What needs to be done:
Please return only the lines from the one showing "Ležadlo je vyrobené" to the end of the entries, keeping both ends and dropping every picture.

Data listing:
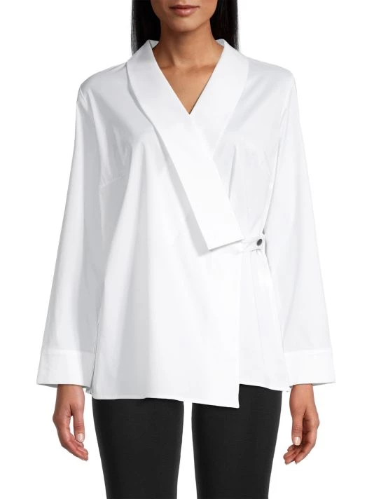 Flaunting a wrapped silhouette that comes together at the waist, Misook’s blouse is crafted of soft breathable cotton. This architectural piece is finished with a folded neckline for added sophistication.
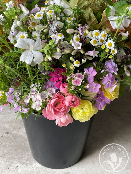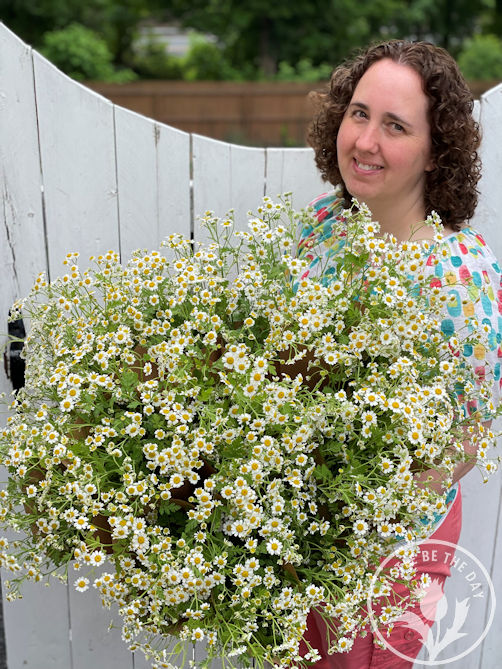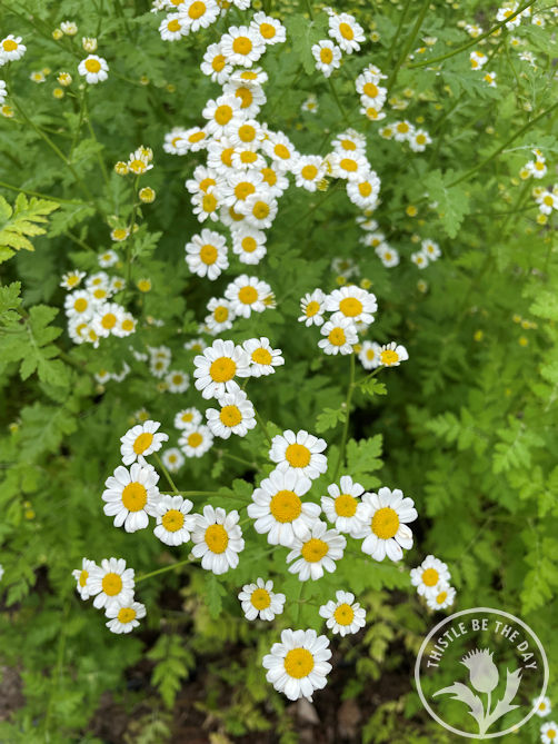 It’s been a while since I’ve put a plant in the spotlight, and I was reminded of that this week while I was admiring our feverfew during harvesting. The feverfew is blooming profusely on the farm right now, and I have become quite smitten with these dainty, whimsical flowers. So, I’m featuring these beautiful blooms in our blog post today, because I decided that Thistle Be the Day they get their moment in the spotlight!
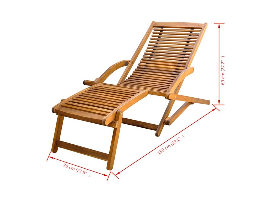 Ležadlo je vyrobené z vysokokvalitného akáciového dreva, tropického tvrdého dreva, ktoré je odolné voči poveternostným vplyvom a veľmi trvácne. Nohy si môžete položiť na pohodlnú opierku. Kreslo na terasu sa dá poskladať, keď sa nepoužíva.
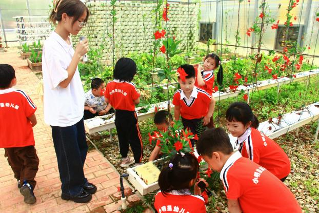 活动当天,小朋友们排着整齐的队伍,怀揣着满心的期待与好奇,迈着欢快的步伐踏入生态景观科普基地。戴曲顺老师热情迎接,带领小朋友们开启参观之旅。在新中式园林区域,老师详细介绍了新中式园林的独特韵味与设计特点;行至温室栽培区,老师生动讲解植物的栽培过程,让孩子们了解生命成长的奇妙;错落有致的景观小品前,孩子们驻足观赏,眼中满是新奇。漫步基地,形态各异的奇特植物牢牢吸引住小朋友们的目光。戴曲顺老师耐心细致地讲解每一种植物的名称、特点及用途,用生动形象的语言将孩子们引入大棚中神秘的科普世界,现场不时传来孩子们充满童真的惊叹与提问声。
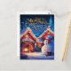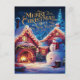 Festlig julkort med en glad snöman som står framför ett mysigt hus i ett vinterlandskap.
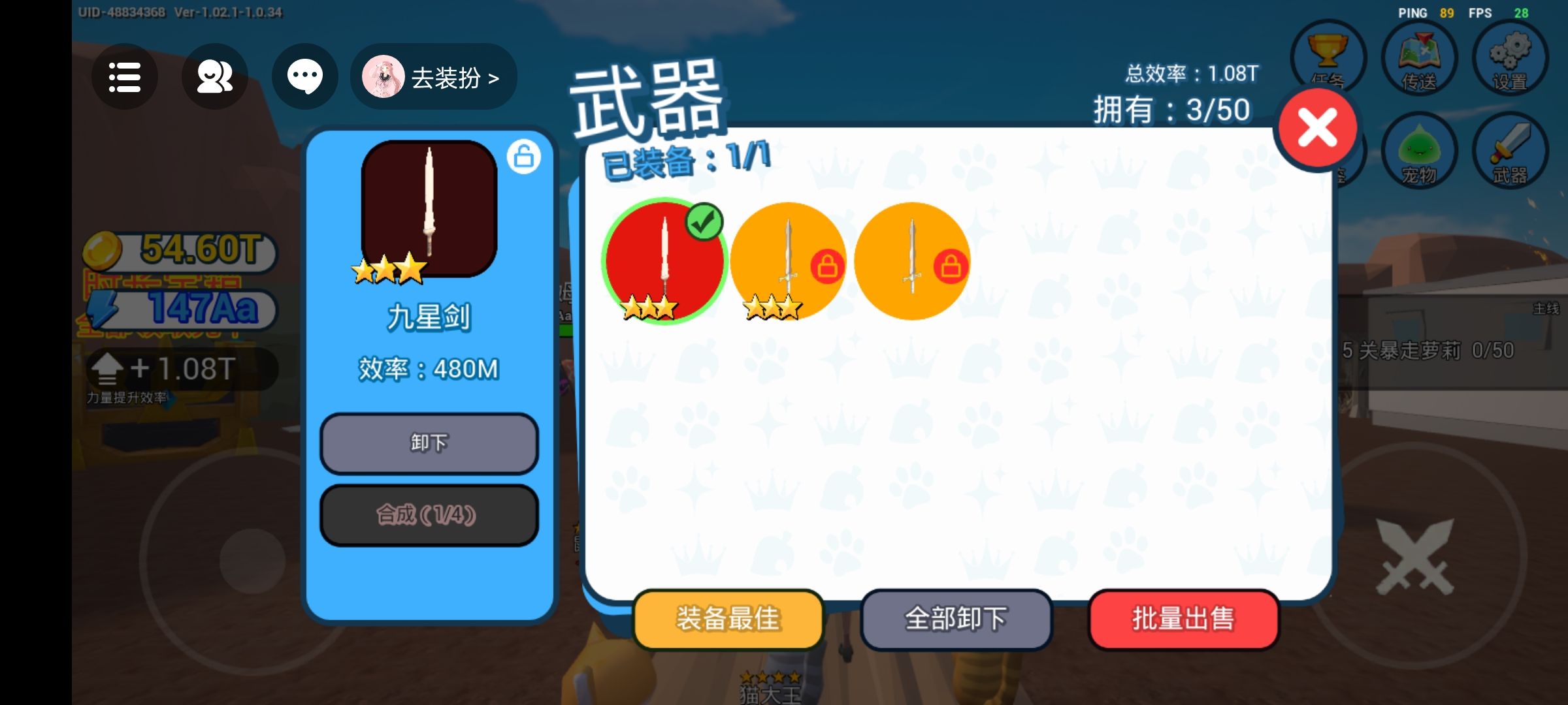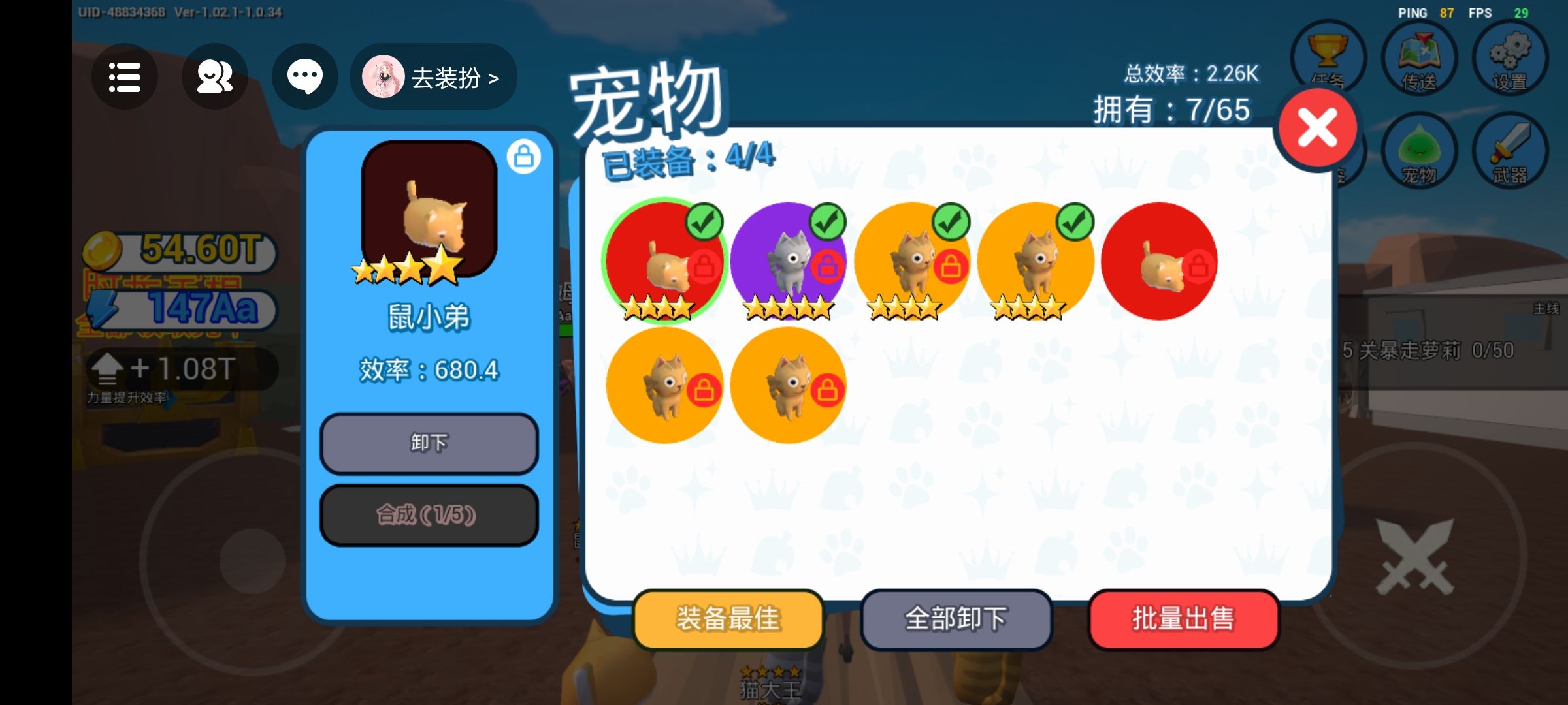 OK呀,战力也是来到了147AA了,加红武3和红宠4加两个黄宠4,成长战力1.08T

Response below:
 Ležadlo je vyrobené z vysokokvalitného akáciového dreva, tropického tvrdého dreva, ktoré je odolné voči poveternostným vplyvom a veľmi trvácne. Nohy si môžete položiť na pohodlnú opierku. Kreslo na terasu sa dá poskladať, keď sa nepoužíva.
 活动当天,小朋友们排着整齐的队伍,怀揣着满心的期待与好奇,迈着欢快的步伐踏入生态景观科普基地。戴曲顺老师热情迎接,带领小朋友们开启参观之旅。在新中式园林区域,老师详细介绍了新中式园林的独特韵味与设计特点;行至温室栽培区,老师生动讲解植物的栽培过程,让孩子们了解生命成长的奇妙;错落有致的景观小品前,孩子们驻足观赏,眼中满是新奇。漫步基地,形态各异的奇特植物牢牢吸引住小朋友们的目光。戴曲顺老师耐心细致地讲解每一种植物的名称、特点及用途,用生动形象的语言将孩子们引入大棚中神秘的科普世界,现场不时传来孩子们充满童真的惊叹与提问声。
 Festlig julkort med en glad snöman som står framför ett mysigt hus i ett vinterlandskap.
 OK呀,战力也是来到了147AA了,加红武3和红宠4加两个黄宠4,成长战力1.08T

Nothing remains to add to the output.